<div align="center">
# Repartir: Sovereign AI-Grade Distributed Computing
[](.github/workflows/jidoka-gates.yml)
[](LICENSE)
[](https://www.rust-lang.org/)
[](#)
</div>
**Repartir** is a pure Rust library for distributed execution across CPUs, GPUs, and remote machines. Built on the **Iron Lotus Framework** (Toyota Way principles for systems programming) and validated by the **certeza** testing methodology.
## Table of Contents
- [Features](#features)
- [Installation](#installation)
- [Quick Start](#quick-start)
- [Feature Flags](#feature-flags)
- [Architecture](#architecture)
- [Iron Lotus Framework](#iron-lotus-framework)

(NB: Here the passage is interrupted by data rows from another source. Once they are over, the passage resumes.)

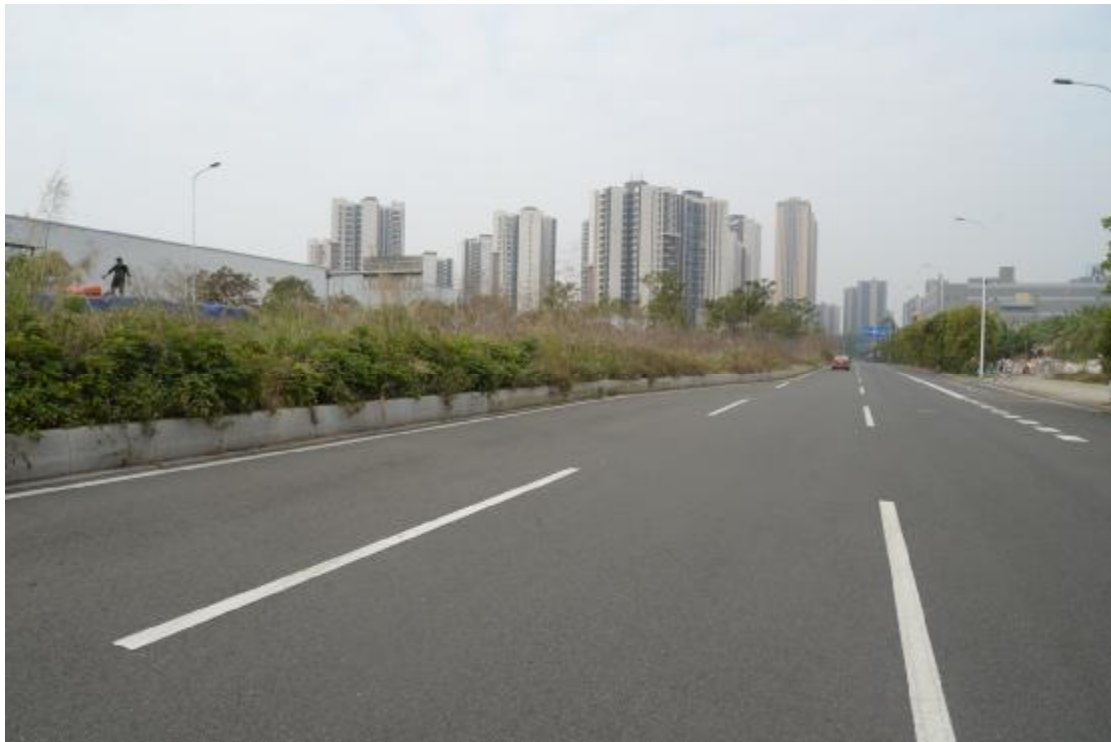
图 19 工程用地地表现状（西-东）
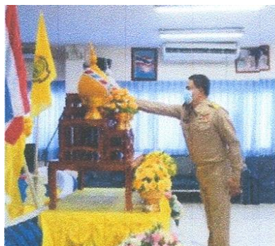
ภาพประกอบกิจกรรมพิธีถวายสัตย์ปฏิญาณเพื่อเป็นข้าราชการที่ดีและพลังของแผ่นดิน วันที่ ๑ ตุลาคม ๒๕๖๔ ณ ห้องประชุมชั้น ๔ โรงเรียนกีฬาจังหวัดลำปาง จังหวัดลำปาง
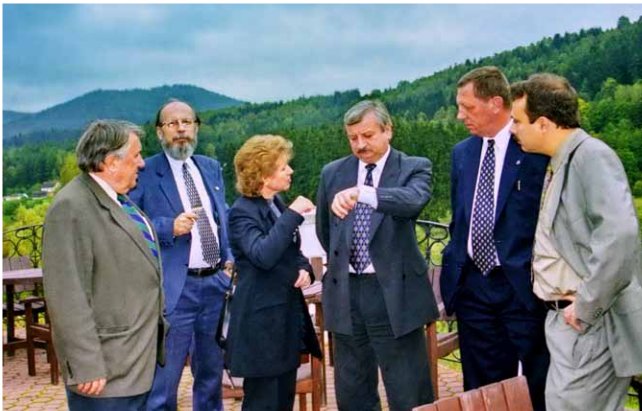
Stretnutie ministrov životného prostredia V4 venované otázkam energetiky, životného prostredia, výmene informácií a skúseností z prípravy na členstvo EÚ (Český Krumlov, 1999).

mi, štátnymi tajomníkmi (17) a vedúcimi úradu (11). Do pôsobnosti MŽP vtedy prešli aj kompetencie zrušeného Slovenského geologického ústavu. V dôvodovej správe sa zrušenie SKŽP zdôvodnilo týmito slovami: „Existujúca forma ústredného orgánu štátnej správy s kolektívnym vedením sa počas svojho pôsobenia neosvedčila“.
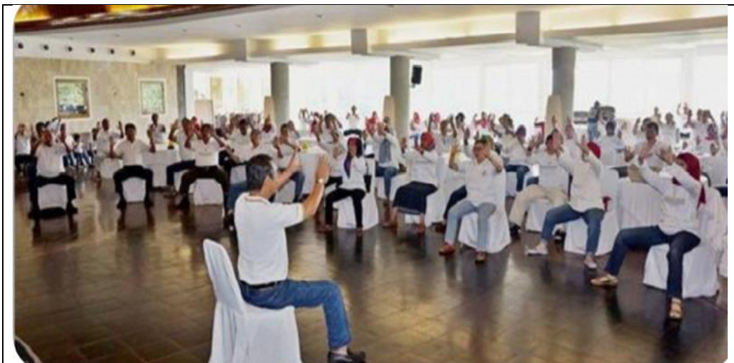
Latgabnas – 2 di Bandung 2016
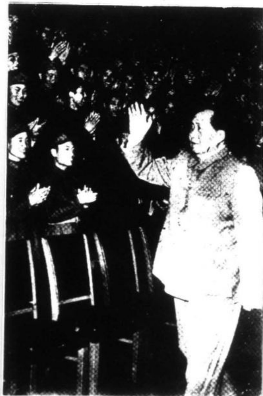
"El presidente Mao fue protagonista y principalmente el más alto dirigente como jefe reconocido de la revolución China"

En cuanto al Partido, el Presidente Mao parte de la necesidad del Partido Comunista, de un partido de nuevo tipo, un partido del proletariado, hoy diríamos un partido marxista-leninista-maoista; un partido cuyo objetivo es conquistar el Poder y defenderlo, por lo cual está indisolublemente ligado a la guerra popular, ya sea para iniciarla, desarrollarla o librarla para defenderse; un partido sustentado en las masas ya sea por la propia guerra popular que es guerra de masas o del frente único que siendo frente de clases se basa en las masas mayoritarias. El Partido se desarrolla y cambia según las etapas de la revolución y los periodos que aquéllas tengan; y el motor de su desarrollo es la contradicción
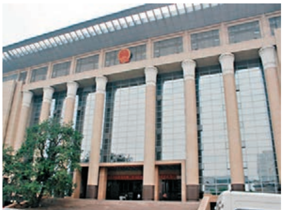
■最高人民法院對於失信被执行人的懲戒力度不斷加大。圖為最高人民法院外觀。

香港文匯報訊（記者 葛沖 北京報道）最高人民法院審判委員會副級專職委員、執行局局長劉貴祥昨日在北京透露，今年一季度，以最高人民法院執行查控體系為核心，以地方各級法院執行查控體系為補充、覆蓋內地以及所有基本財產形式的執行查控體系即將完成，這將對被執行人財產「一網打盡」，對失信被執行人形成多部門、多領域的聯合信用懲戒。
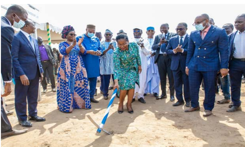
La PM Dogbé donnant le coup d'envoi des travaux

Long de 86 km, cette route permettra, à terme, une réduction du temps de parcours et du coût du transport, avec accès facile aux
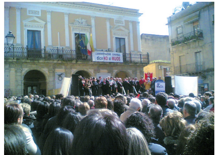
La manifestazione No-Muos indetta a Niscemi l'estate scorsa
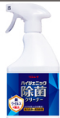
ハイジエニック除菌クリーナー-450 ml
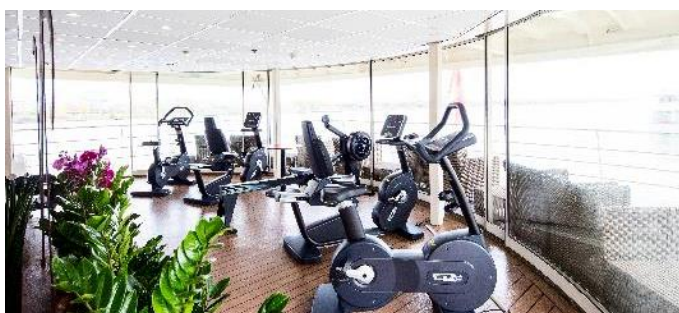
MS Nestroy, Fitnesscenter mit Panoramaaussicht
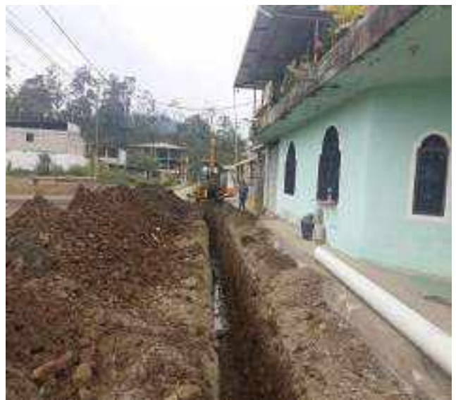
8 NOVIEMBRE – 2022. EXCAVACION POR CAMBIO DE RED DE ALCANTARILLADO SANITARIO, CALLE; PASAJE 2 ENTRE 24 DE MAYO Y 5 DE JUNIO.
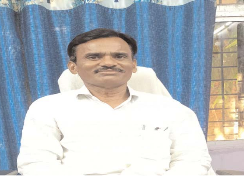
ప్రజాబలం చెన్నూరు నియోజకవర్గ రిపోర్టర్ జనవరి
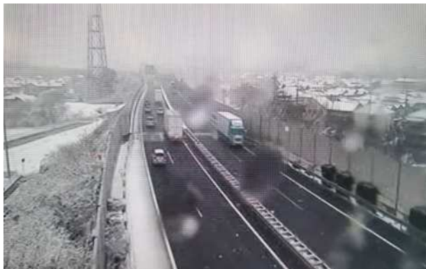
降雪状況 (圏央道 鶴ヶ島JCT付近)
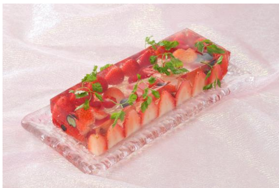
白ワイン風味のゼリー
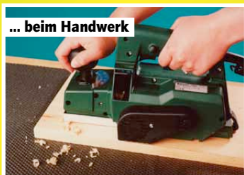
... beim Handwerk
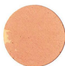
42 FAGGIO BUCHE
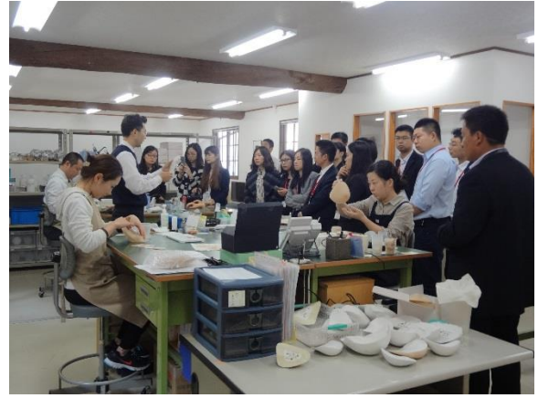
10月29日 中村ブレイス(株)訪問・視察(島根県)
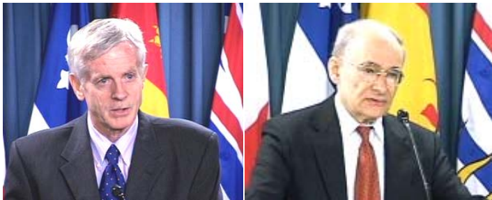
加拿大调查员大卫·乔高 和 大卫·麦塔斯

【明慧网】经过近半年的继续深入调查，加拿大调查员大卫·麦塔斯和大卫·乔高收集到更多确认中共
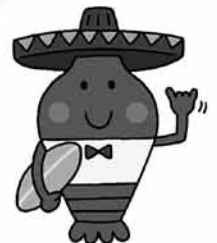
御宿町イメージキャラクター「エビアミーゴ」
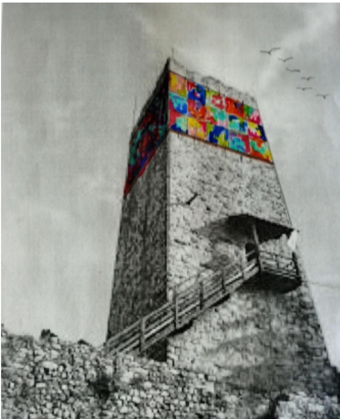
COMO CASTELLO BARADELLO SPINA VERDE

Questa opera collettiva sarà un richiamo per tutta la Rassegna di AQUAE DULCIS.
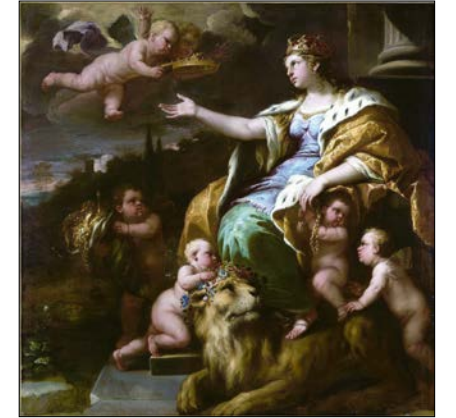
Luca Giordano: Alegória veľkodušnosti, 1670.

Kľúčové slnečné slová sú sebarealizácia, individuácia, integrita osobnosti .

- [Testing (Certeza Methodology)](#testing-certeza-methodology)
- [Sovereign AI Principles](#sovereign-ai-principles)
- [Roadmap](#roadmap)
- [Contributing](#contributing)
- [Documentation](#documentation)
- [Academic Foundations](#academic-foundations)
- [Comparison with Existing Systems](#comparison-with-existing-systems)
- [License](#license)
- [Acknowledgments](#acknowledgments)
## Features
- ✅ **100% Rust, Zero C/C++**: True digital sovereignty through complete auditability
- ✅ **Memory Safety Guaranteed**: Provably safe via RustBelt formal verification
- ✅ **Work-Stealing Scheduler**: Based on Blumofe & Leiserson (1999)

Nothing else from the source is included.